■ Assigned task: Write out nothing but the lines from the one containing "in Administration Bulding" through the last line below, both included, and without the pictures.
○ ○ ○ ○ ○
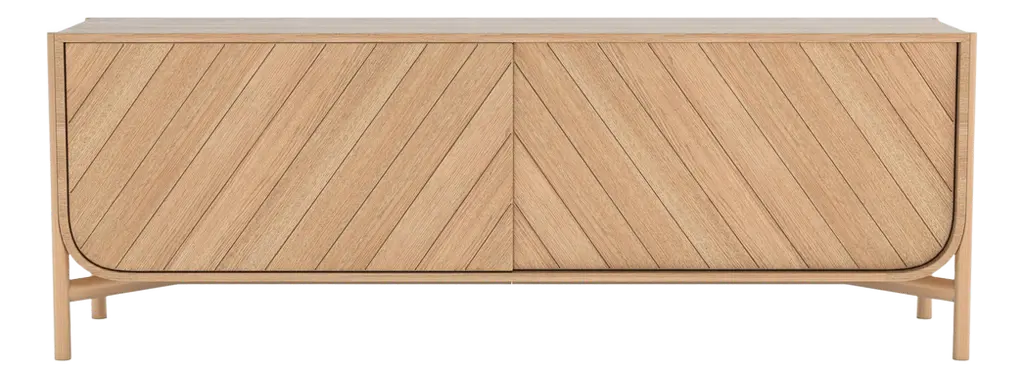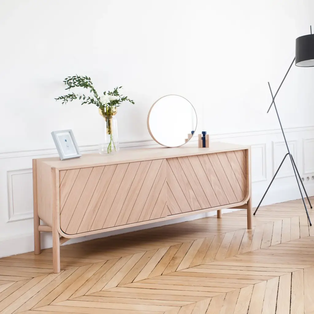 With its distinctive curve in the shape of a ship's hull and the diagonal lines of the frontispiece resembling hoisted sails, Pierre-François Dubois gives his Marius Sideboard a nautical air. Sliding doors allow access from both sides to the generous storage space inside, with one shelf spanning the expanse and a pair of handy cord outlets. From French design brand Hartô, in natural oak finish with doors to match or in contrasting light grey or petrol blue.
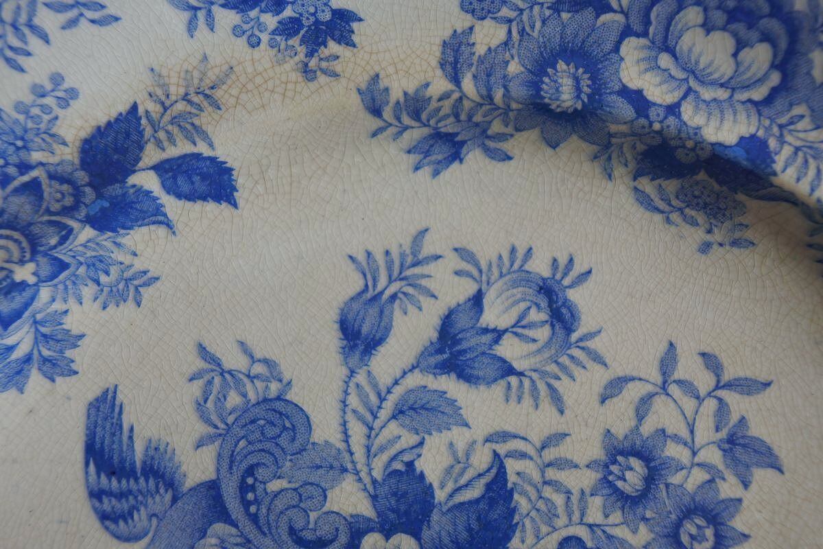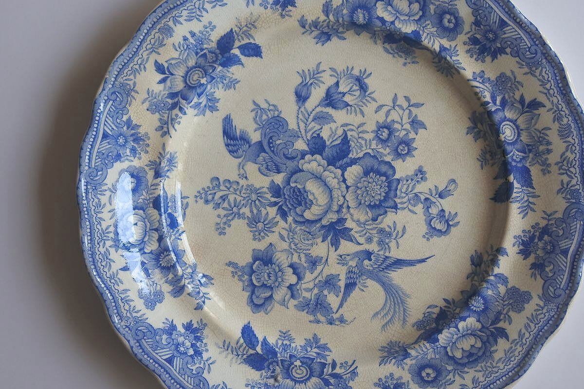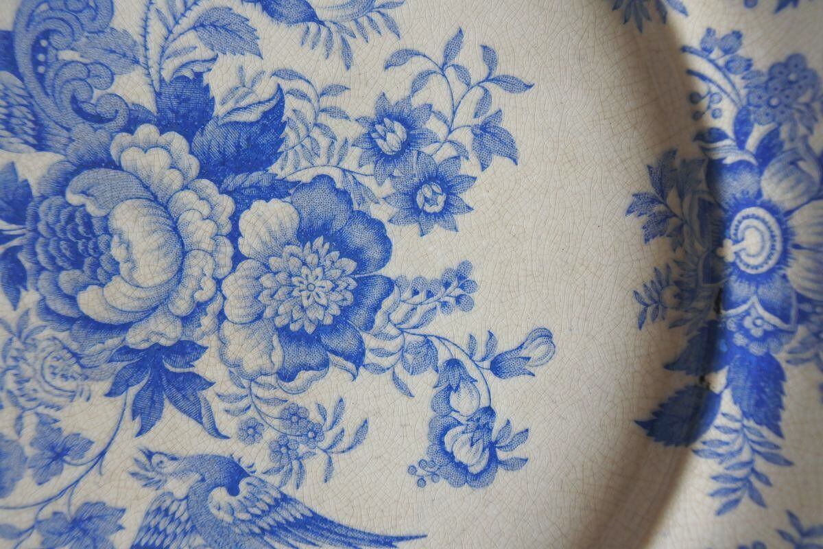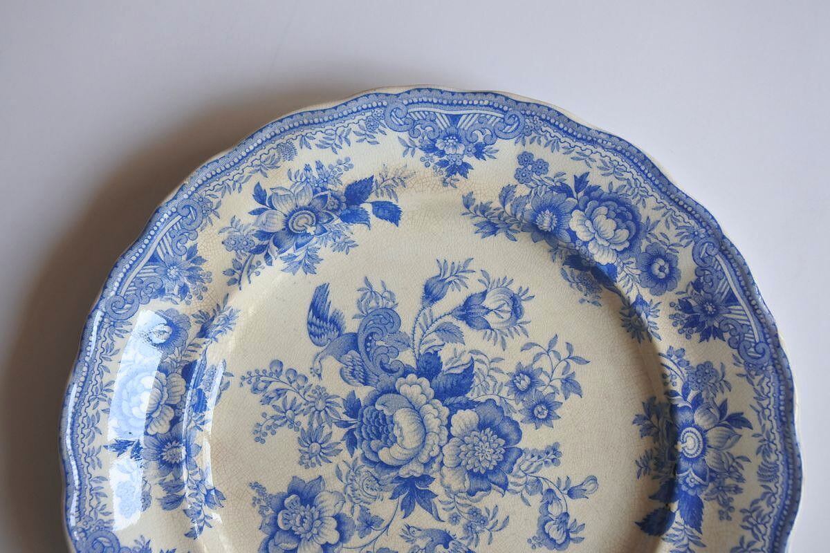 ブルーの花鳥絵柄皿A イギリス19世紀(1862~1904年頃)
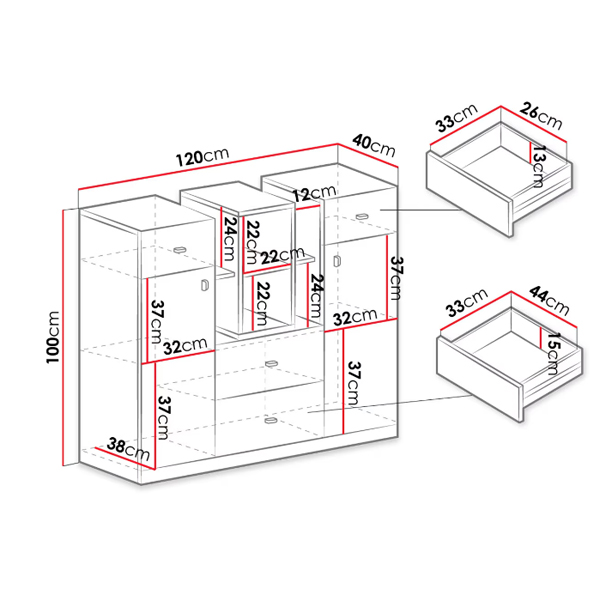 Išmatavimai: A: 80cm P: 120cm G: 44cm
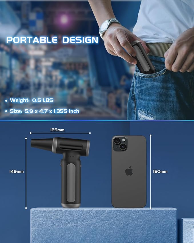 - Mini air dusters【carry in pocket 】--As turbo fan use, only have【1.35*5.9 Inch, 0.5lb】 air duster replace compressed air can. Fits in your pocket without any stress! And mini blower adopts human engineering design. Feel more comfortable, easy to use, anytime, anywhere.
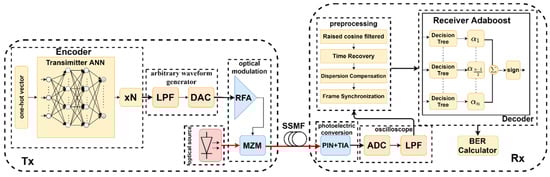 Figure 1 shows a schematic diagram of the entire end-to-end optical communication system. The characteristic of fiber dispersion is that it will lead to the ISI effect from the front and back symbols to the current symbol. We consider optimization of the end-to-end design by replacing ANN with the Adaboost algorithm on the receiver to reduce the computation complexity, at the cost of sacrificing BER performance of the whole optical fiber system (detailed analysis in Section 3). The ANN at the transmitter encodes the message . Binary Random Sequence generated by the Python Numpy Library [] is a bit stream consisting of only a unipolar signal (0,1). Therefore, a few bits from this bit stream represent the message m and are encoded into a one-hot vector. Thus, the message m is expressed as a one-hot vector (containing “1” at position m and zero at other positions), and then processed by ANN to obtain n samples to form a waveform. The obtained waveform is upsampled for each sequence point by  times, and then transmitted to a low-pass filter (LPF) and the fiber channel.
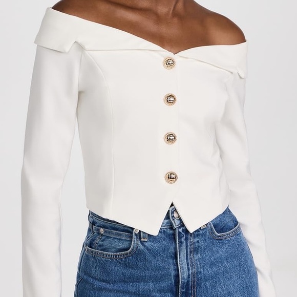Taking style cues from a polished blazer, this endless rose top is a creative way to show a little shoulder. Go for a cool half-dressy, half-casual look by pairing this piece with faded jeans and heeled sandals. Fabric: Mid-weight, super-stretch suiting, Off-shoulder neckline, Non-slip rubber binding, Gold-tone button placket, Long sleeves. In perfect condition, price is negotiable
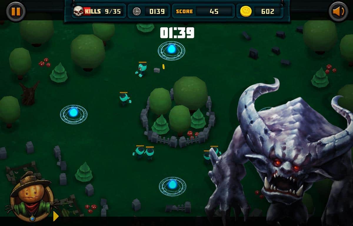 Evil Slayer – благодаря приближающемуся Хэллоуину все монстры, зомби и остальная нечисть повылазили из своих укрытий и пытаются украсть тыквы. Вашей задачей будет помочь пугалу Скери уничтожить всех врагов и не дать им залезть на ваш огород. С помощью прикосновений к экрану бейте хлыстом по врагам уничтожайте всю нечисть, которые имеют отличительные особенности: призраки могут исчезать на время, зомби очень медленные, а демоны быстро передвигаются, но из-за маленького роста не могут быстро утащить тыкву с огорода. Для борьбы с врагами в вашем арсенале есть различные бонусы: бомбы, ловушки, мины и заморозка применяйте их в сложных ситуациях. Проходите разнообразные миссии и получайте достижения, которые вы сможете потратить на покупку бонусов.
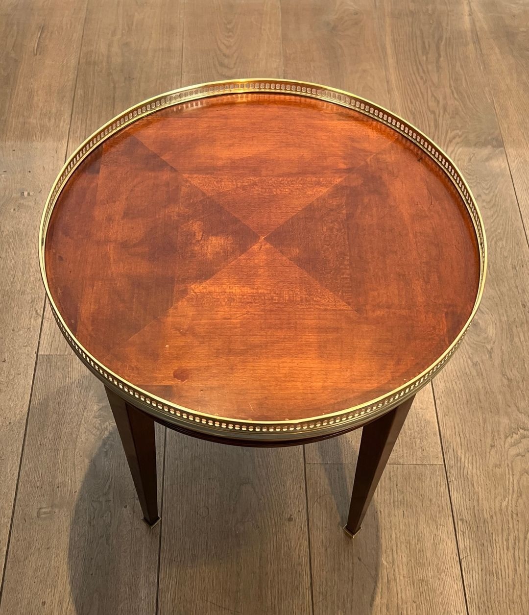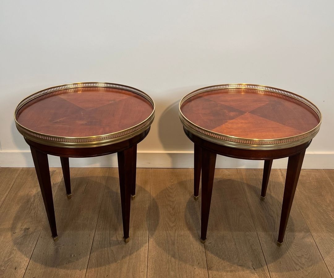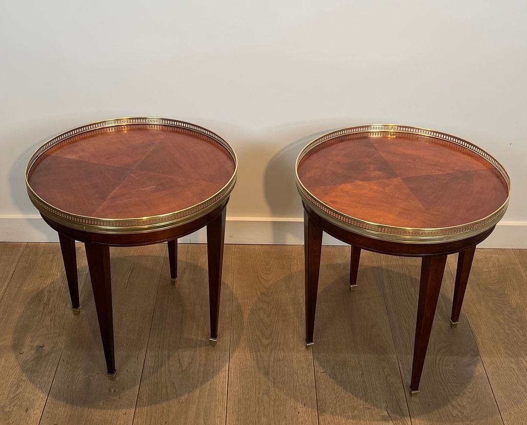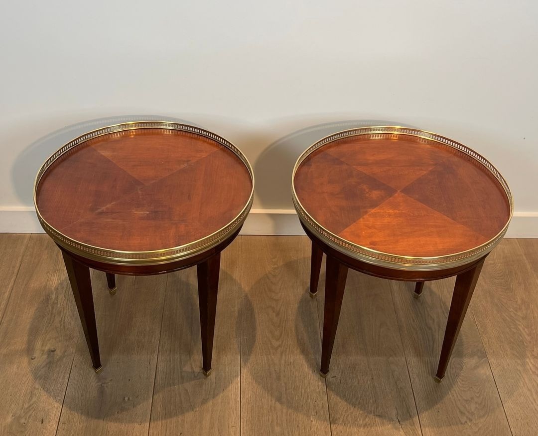 A pair of neoclassical round bouillotte tables in mahogany and brass, French work, circa 1940. Circular tops with brass gallery on slender turned legs. Diam. 50 cm × H. 52.5 cm each.
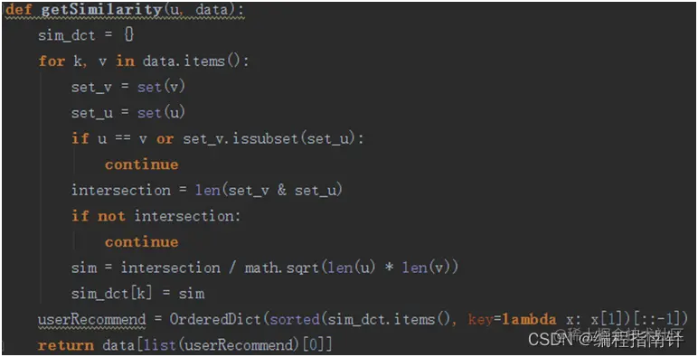 该系统设计了收藏景点功能,其作用一方面是方便用户再次查看自己感兴趣的景点,另一方面也为用户推荐景点功能做基础。该系统的推荐功能是利用基于用户行为的协同过滤算法进行实现的,用户每次的收藏行为都会记录在数据库中,当目标用户进行自己的收藏行为时,系统就会利用相应的计算方法,在所有用户中寻找到与他最为相似的一类用户,提取这些用户收藏的全部景点,并且对目标用户收藏的景点进行剔除,计算用户对每一个候选景点的感兴趣程度,最终为用户推荐几个最为感兴趣的旅游景点。下图5.3是基于用户行为的协同过滤算法部分代码截图。
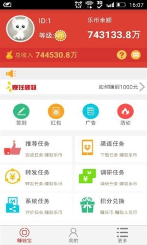 赚钱宝集成的多个任务频道都是
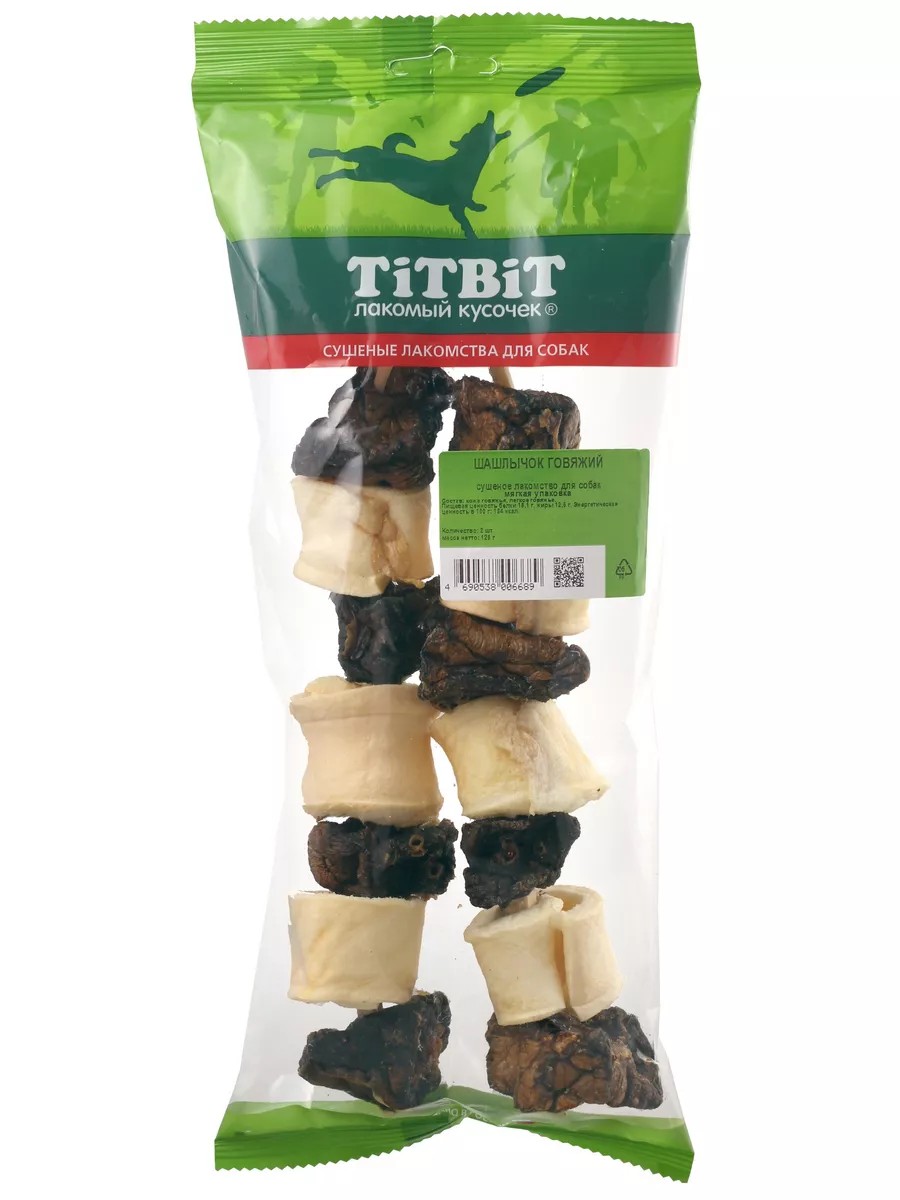 Baked pieces of dried beef lung alternate with beef hide rolls, skewered on edible leather strips. Two pieces per package. Thanks to its high amino acid and collagen content, it has a positive effect on cartilage tissue, skin, and coat condition, and also provides essential components for the growth and maintenance of cartilage in dogs' joints. The high content of trace elements and connective tissue enhances the dog's enjoyment of this delicate treat. Directions for use: Helps remove tartar. Promotes jaw development.
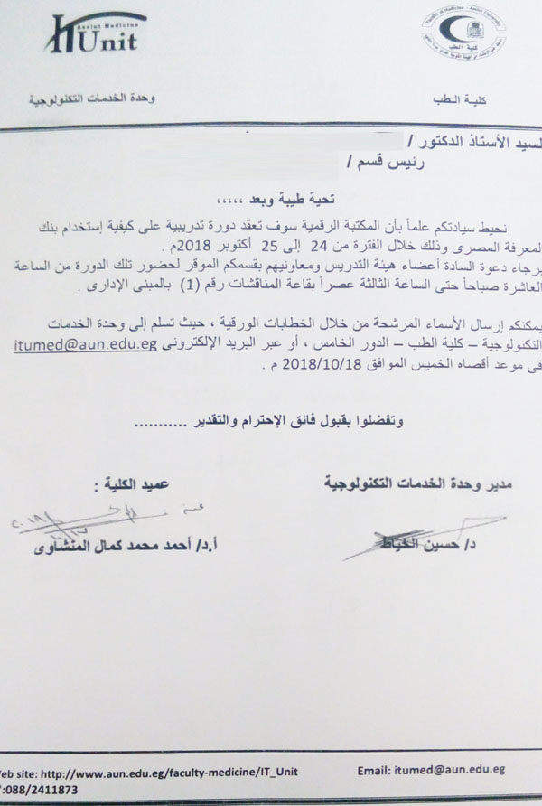 Announcement of "How to use Knowledge Bank" Course 22 October 2018 A course about How to use Egyptian Knowledge Bank will be held on 24-25 Oct. 2018 at 10 AM in Meeting Hall in Administration Bulding
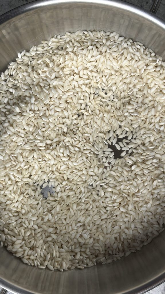 Halte die Brühe warm, sie wird zum Risottokochen verwendet.
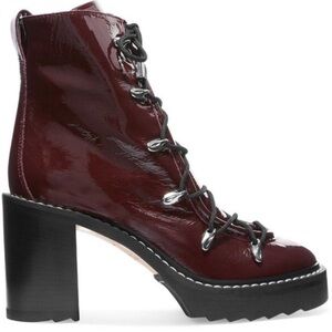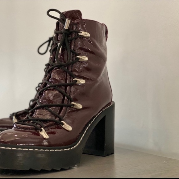 Burgundy patent leather platform hiking boot amps up any Fall or Winter style.
○ ○ ○ ○ ○
■ Exercise response:
 Announcement of "How to use Knowledge Bank" Course 22 October 2018 A course about How to use Egyptian Knowledge Bank will be held on 24-25 Oct. 2018 at 10 AM in Meeting Hall in Administration Bulding
 Halte die Brühe warm, sie wird zum Risottokochen verwendet.
 Burgundy patent leather platform hiking boot amps up any Fall or Winter style.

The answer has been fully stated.